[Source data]

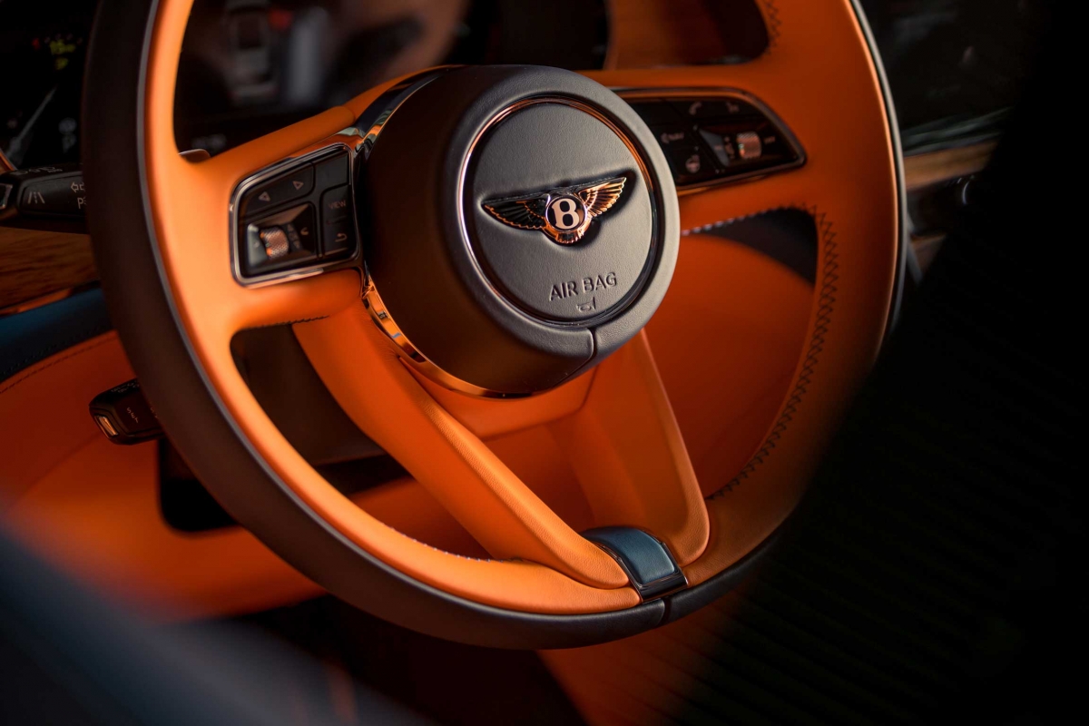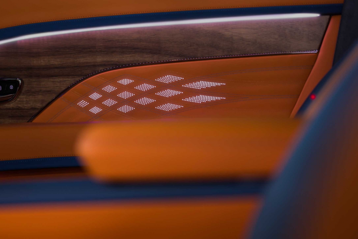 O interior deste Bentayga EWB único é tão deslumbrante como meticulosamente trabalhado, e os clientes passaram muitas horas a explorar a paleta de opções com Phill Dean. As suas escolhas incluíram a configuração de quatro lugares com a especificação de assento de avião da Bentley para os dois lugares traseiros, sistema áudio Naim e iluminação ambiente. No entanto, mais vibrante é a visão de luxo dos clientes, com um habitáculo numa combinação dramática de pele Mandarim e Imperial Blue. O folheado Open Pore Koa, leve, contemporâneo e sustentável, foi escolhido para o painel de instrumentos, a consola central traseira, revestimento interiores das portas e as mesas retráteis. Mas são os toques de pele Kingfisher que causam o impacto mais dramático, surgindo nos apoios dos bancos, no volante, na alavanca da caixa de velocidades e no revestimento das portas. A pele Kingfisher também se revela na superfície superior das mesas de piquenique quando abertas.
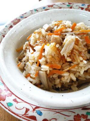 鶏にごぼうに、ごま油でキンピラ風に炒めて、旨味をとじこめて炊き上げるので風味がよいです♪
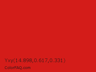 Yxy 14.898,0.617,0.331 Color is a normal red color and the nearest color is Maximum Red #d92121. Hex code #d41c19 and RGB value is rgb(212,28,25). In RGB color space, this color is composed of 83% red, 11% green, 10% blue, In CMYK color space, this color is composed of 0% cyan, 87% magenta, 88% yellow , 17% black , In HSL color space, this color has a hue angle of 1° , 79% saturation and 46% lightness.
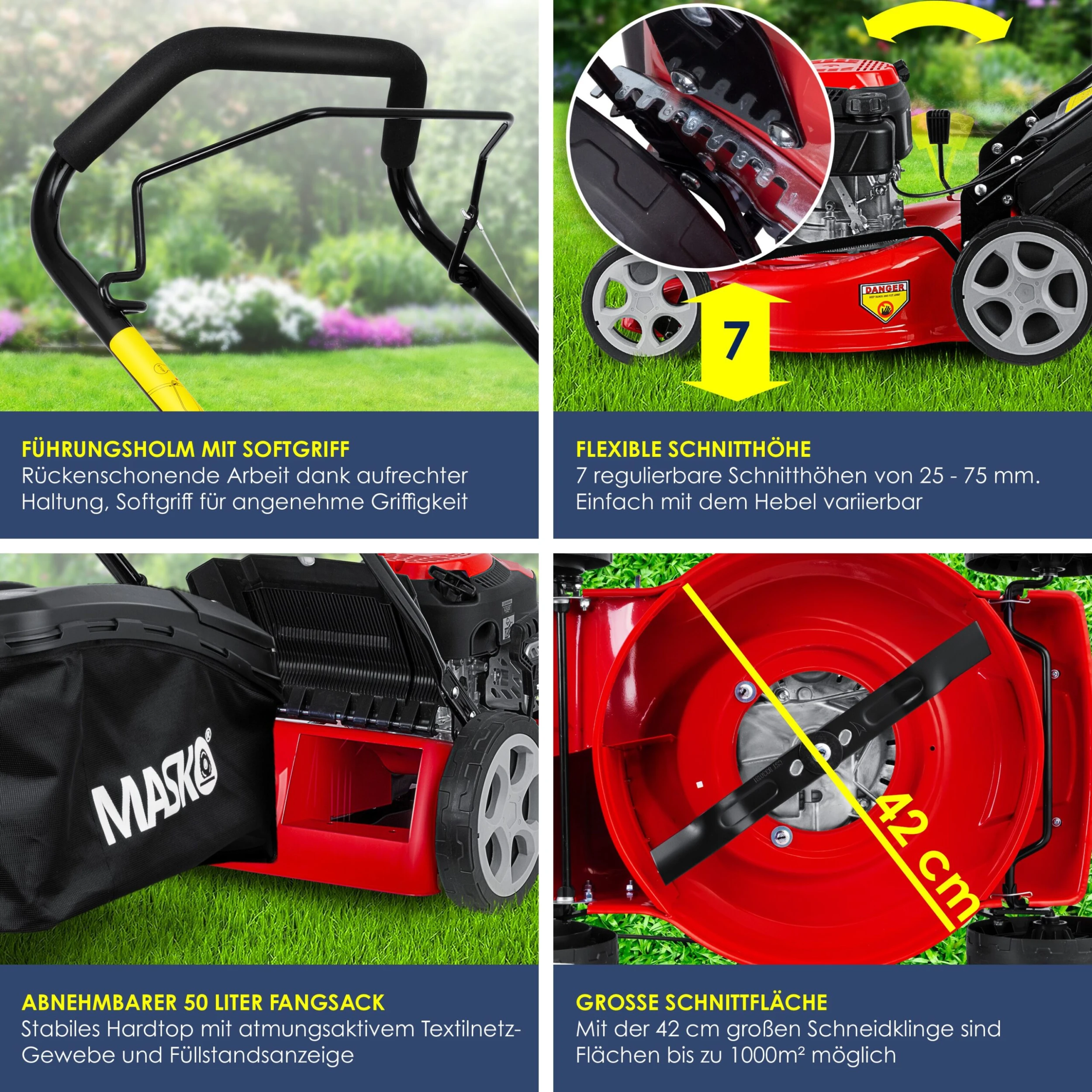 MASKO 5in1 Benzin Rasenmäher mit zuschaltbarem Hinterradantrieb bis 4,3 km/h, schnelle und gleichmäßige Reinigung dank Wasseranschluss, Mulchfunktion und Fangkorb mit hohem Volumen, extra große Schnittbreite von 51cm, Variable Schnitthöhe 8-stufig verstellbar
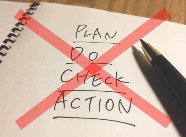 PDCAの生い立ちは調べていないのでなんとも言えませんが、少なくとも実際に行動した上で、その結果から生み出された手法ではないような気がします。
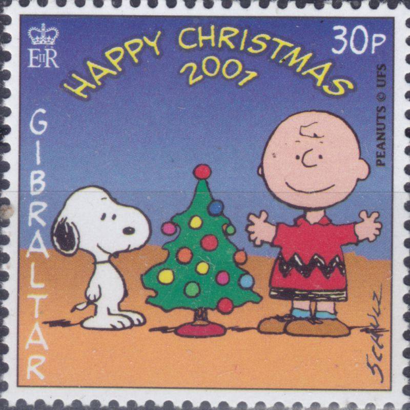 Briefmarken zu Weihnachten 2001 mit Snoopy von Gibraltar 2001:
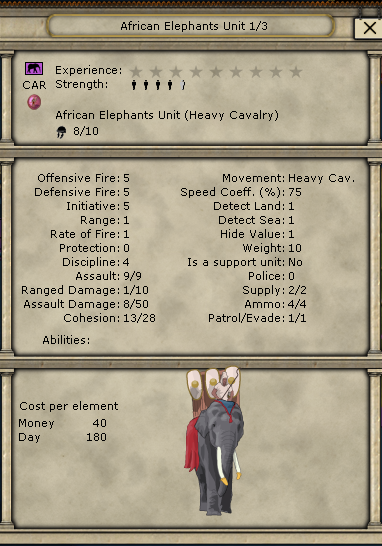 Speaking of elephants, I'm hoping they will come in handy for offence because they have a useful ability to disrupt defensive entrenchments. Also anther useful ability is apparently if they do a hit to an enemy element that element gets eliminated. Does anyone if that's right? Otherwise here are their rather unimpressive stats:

** Problem to work on **
The expected result is every record above, word for word, with no pictures in it.

** Exercise result **
 O interior deste Bentayga EWB único é tão deslumbrante como meticulosamente trabalhado, e os clientes passaram muitas horas a explorar a paleta de opções com Phill Dean. As suas escolhas incluíram a configuração de quatro lugares com a especificação de assento de avião da Bentley para os dois lugares traseiros, sistema áudio Naim e iluminação ambiente. No entanto, mais vibrante é a visão de luxo dos clientes, com um habitáculo numa combinação dramática de pele Mandarim e Imperial Blue. O folheado Open Pore Koa, leve, contemporâneo e sustentável, foi escolhido para o painel de instrumentos, a consola central traseira, revestimento interiores das portas e as mesas retráteis. Mas são os toques de pele Kingfisher que causam o impacto mais dramático, surgindo nos apoios dos bancos, no volante, na alavanca da caixa de velocidades e no revestimento das portas. A pele Kingfisher também se revela na superfície superior das mesas de piquenique quando abertas.
 鶏にごぼうに、ごま油でキンピラ風に炒めて、旨味をとじこめて炊き上げるので風味がよいです♪
 Yxy 14.898,0.617,0.331 Color is a normal red color and the nearest color is Maximum Red #d92121. Hex code #d41c19 and RGB value is rgb(212,28,25). In RGB color space, this color is composed of 83% red, 11% green, 10% blue, In CMYK color space, this color is composed of 0% cyan, 87% magenta, 88% yellow , 17% black , In HSL color space, this color has a hue angle of 1° , 79% saturation and 46% lightness.
 MASKO 5in1 Benzin Rasenmäher mit zuschaltbarem Hinterradantrieb bis 4,3 km/h, schnelle und gleichmäßige Reinigung dank Wasseranschluss, Mulchfunktion und Fangkorb mit hohem Volumen, extra große Schnittbreite von 51cm, Variable Schnitthöhe 8-stufig verstellbar
 PDCAの生い立ちは調べていないのでなんとも言えませんが、少なくとも実際に行動した上で、その結果から生み出された手法ではないような気がします。
 Briefmarken zu Weihnachten 2001 mit Snoopy von Gibraltar 2001:
 Speaking of elephants, I'm hoping they will come in handy for offence because they have a useful ability to disrupt defensive entrenchments. Also anther useful ability is apparently if they do a hit to an enemy element that element gets eliminated. Does anyone if that's right? Otherwise here are their rather unimpressive stats:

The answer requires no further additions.